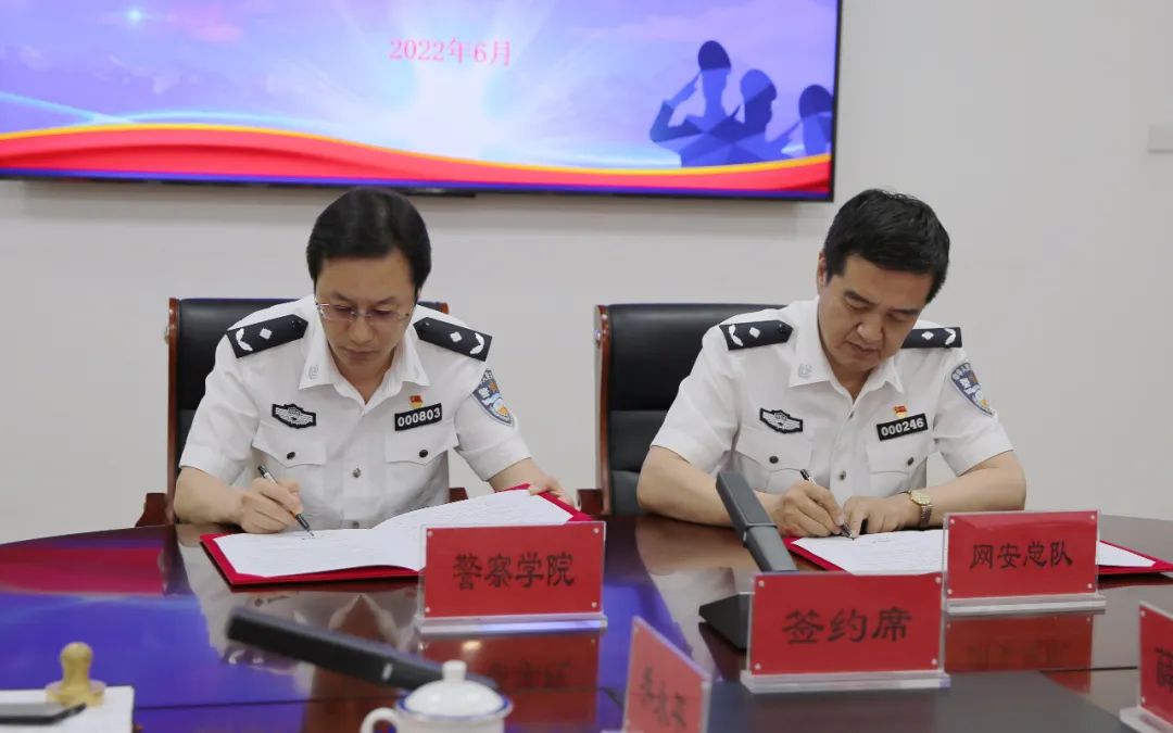 在与会人员的共同见证下,邢轶清副书记和忻海政委代表双方签署了《合作共建协议》,李永林院长和忻海政委为“内蒙古警察职业学院实践教学基地”“内蒙古自治区公安厅网络安全保卫总队教育培训基地”揭牌。
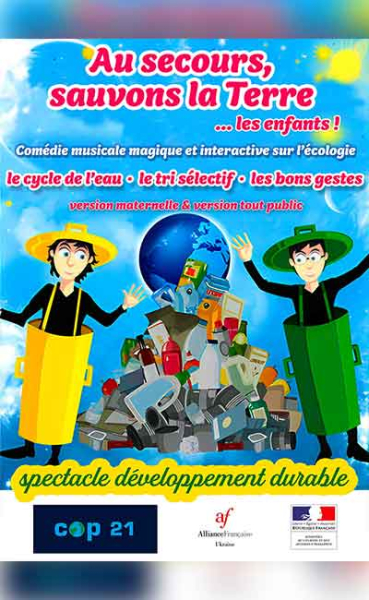 En plus de ses 1200 spectacles déjà joués, notre spectacle sur la transition écologique pour les écoles maternelles a été choisi par le Ministère des Affaires Étrangères pour représenter la France en Ukraine pour la COP21 en 2015 !
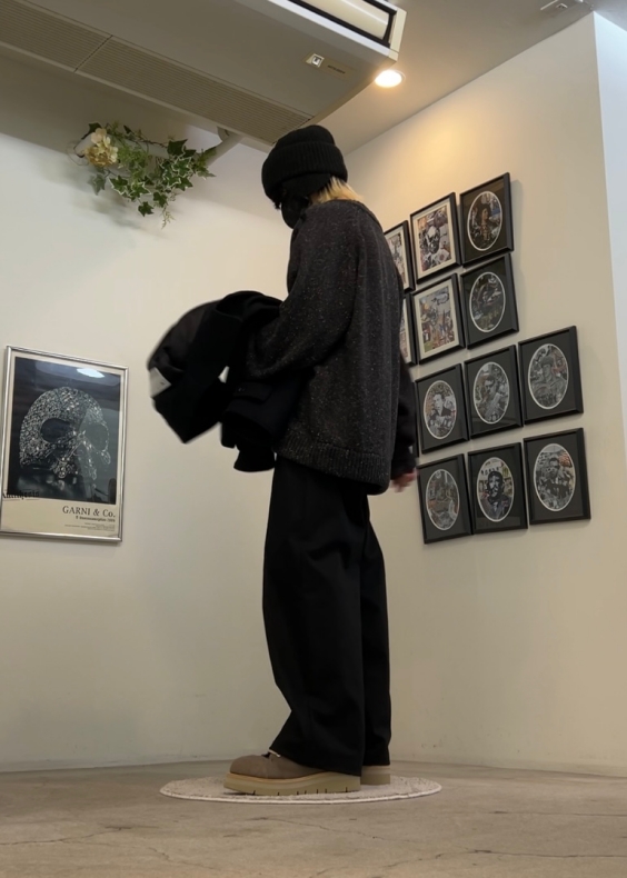 ・メランジVネックニットにキャンバス素材のワンタックバギーパンツでシンプルに。アウターはオーバーサイズシルエットのスーパー100S ウールを使用したウールビーバーブルゾンで上品に。アルパカウールの耳当て付きニットキャップをアクセントに、足元は極太シューレースのレースアップブーツで重量感をプラス。

= Action item =
Would you copy out the data exactly, leaving every picture out?

= Your response =
 在与会人员的共同见证下,邢轶清副书记和忻海政委代表双方签署了《合作共建协议》,李永林院长和忻海政委为“内蒙古警察职业学院实践教学基地”“内蒙古自治区公安厅网络安全保卫总队教育培训基地”揭牌。
 En plus de ses 1200 spectacles déjà joués, notre spectacle sur la transition écologique pour les écoles maternelles a été choisi par le Ministère des Affaires Étrangères pour représenter la France en Ukraine pour la COP21 en 2015 !
 ・メランジVネックニットにキャンバス素材のワンタックバギーパンツでシンプルに。アウターはオーバーサイズシルエットのスーパー100S ウールを使用したウールビーバーブルゾンで上品に。アルパカウールの耳当て付きニットキャップをアクセントに、足元は極太シューレースのレースアップブーツで重量感をプラス。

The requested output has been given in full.